[Data excerpts]

-.-.-

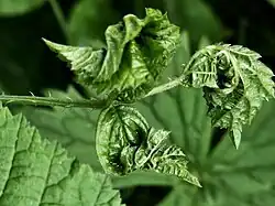 Signs of Dasineura plicatrix are contorted, young bramble leaves, which are found in the spring and early summer. The leaves can be creased, pleated or pluckered, with thickened veins, and conspicuous black staining around the gall. The white larvae can be found until early summer when they drop out of the galls and pupate in the soil. There is disagreement in the literature as to whether there is a single generation a year or several per year. The gall is often overlooked as just a crumpled leaf.[2][3][4]
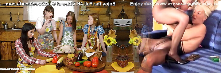 10:18Orgy Feast: Four Horny Women Stuffing Their Tits and Pussies with Hot Food!
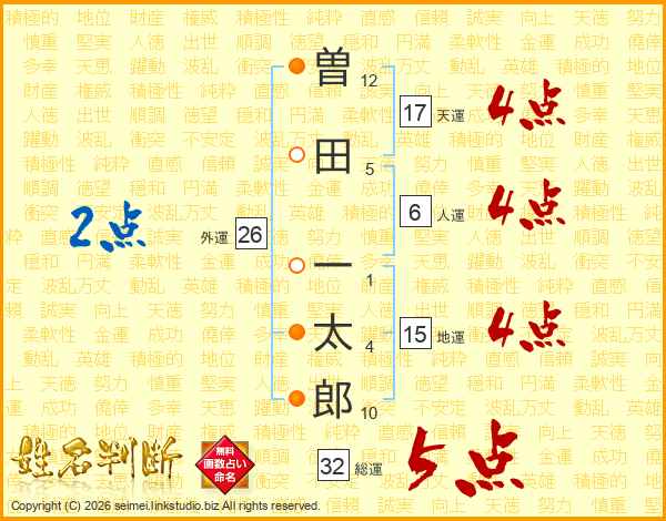 曽(12画)田(5画) 一(1画)太(4画)郎(10画)
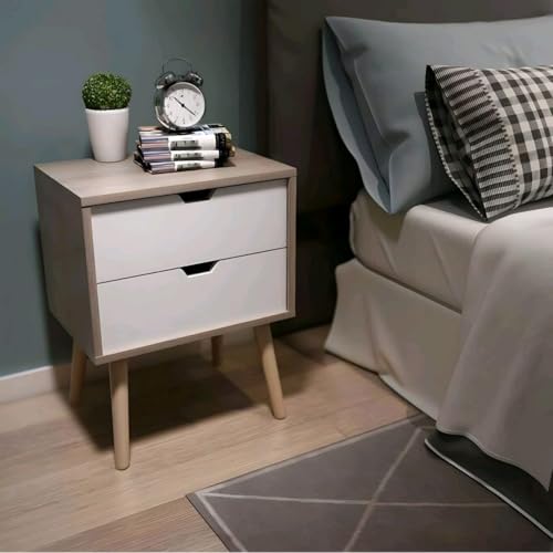 Generic - طاولة جانبية عصرية مع درجين، أبيض ورمادي، أرجل خشبية، منضدة لغرفة النوم
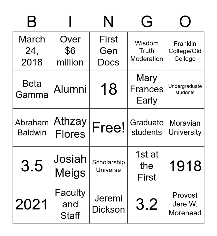 This bingo card has a free space and 24 words: Josiah Meigs, Faculty and Staff, 18, 2021, Franklin College/Old College, March 24, 2018, Beta Gamma, Over $6 million, Graduate students, Scholarship Universe, Mary Frances Early, Abraham Baldwin, 1st at the First, 1918, Alumni, 3.2, Moravian University, First Gen Docs, Undergraduate students, Athzay Flores, Provost Jere W. Morehead, 3.5, Wisdom Truth Moderation and Jeremi Dickson.
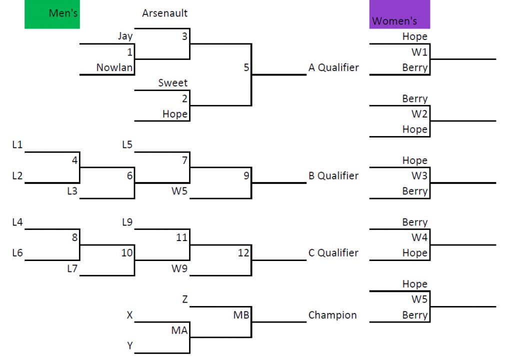 The five-team men’s division will play a modified triple knockout format, qualifying section winners for a two-game championship round. Section winners also drop down to compete in the next section. If a team wins all three sections, they will win the event with no championship round being played. If a team wins two sections, they will win the event if they win either championship round game, while their opponent would have to win both.
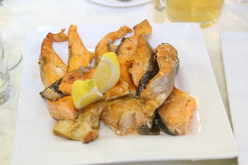 Жареная семга с лимоном на белой тарелке
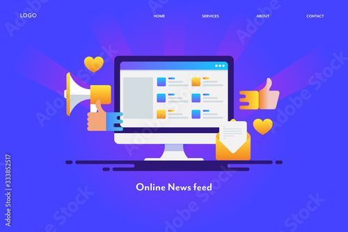 Векторный шаблон веб-сайта с прямой трансляцией, дизайн веб-страницы и целевой страницы для разработки веб-сайтов и мобильных сайтов. Люди смотрят видео с помощью настольных и портативных компьютеров, смартфонов. Онлайн-трансляция.

-.-.-

### To do
Each entry above should be written out verbatim, minus its pictures.

### Response below
 Signs of Dasineura plicatrix are contorted, young bramble leaves, which are found in the spring and early summer. The leaves can be creased, pleated or pluckered, with thickened veins, and conspicuous black staining around the gall. The white larvae can be found until early summer when they drop out of the galls and pupate in the soil. There is disagreement in the literature as to whether there is a single generation a year or several per year. The gall is often overlooked as just a crumpled leaf.[2][3][4]
 10:18Orgy Feast: Four Horny Women Stuffing Their Tits and Pussies with Hot Food!
 曽(12画)田(5画) 一(1画)太(4画)郎(10画)
 Generic - طاولة جانبية عصرية مع درجين، أبيض ورمادي، أرجل خشبية، منضدة لغرفة النوم
 This bingo card has a free space and 24 words: Josiah Meigs, Faculty and Staff, 18, 2021, Franklin College/Old College, March 24, 2018, Beta Gamma, Over $6 million, Graduate students, Scholarship Universe, Mary Frances Early, Abraham Baldwin, 1st at the First, 1918, Alumni, 3.2, Moravian University, First Gen Docs, Undergraduate students, Athzay Flores, Provost Jere W. Morehead, 3.5, Wisdom Truth Moderation and Jeremi Dickson.
 The five-team men’s division will play a modified triple knockout format, qualifying section winners for a two-game championship round. Section winners also drop down to compete in the next section. If a team wins all three sections, they will win the event with no championship round being played. If a team wins two sections, they will win the event if they win either championship round game, while their opponent would have to win both.
 Жареная семга с лимоном на белой тарелке
 Векторный шаблон веб-сайта с прямой трансляцией, дизайн веб-страницы и целевой страницы для разработки веб-сайтов и мобильных сайтов. Люди смотрят видео с помощью настольных и портативных компьютеров, смартфонов. Онлайн-трансляция.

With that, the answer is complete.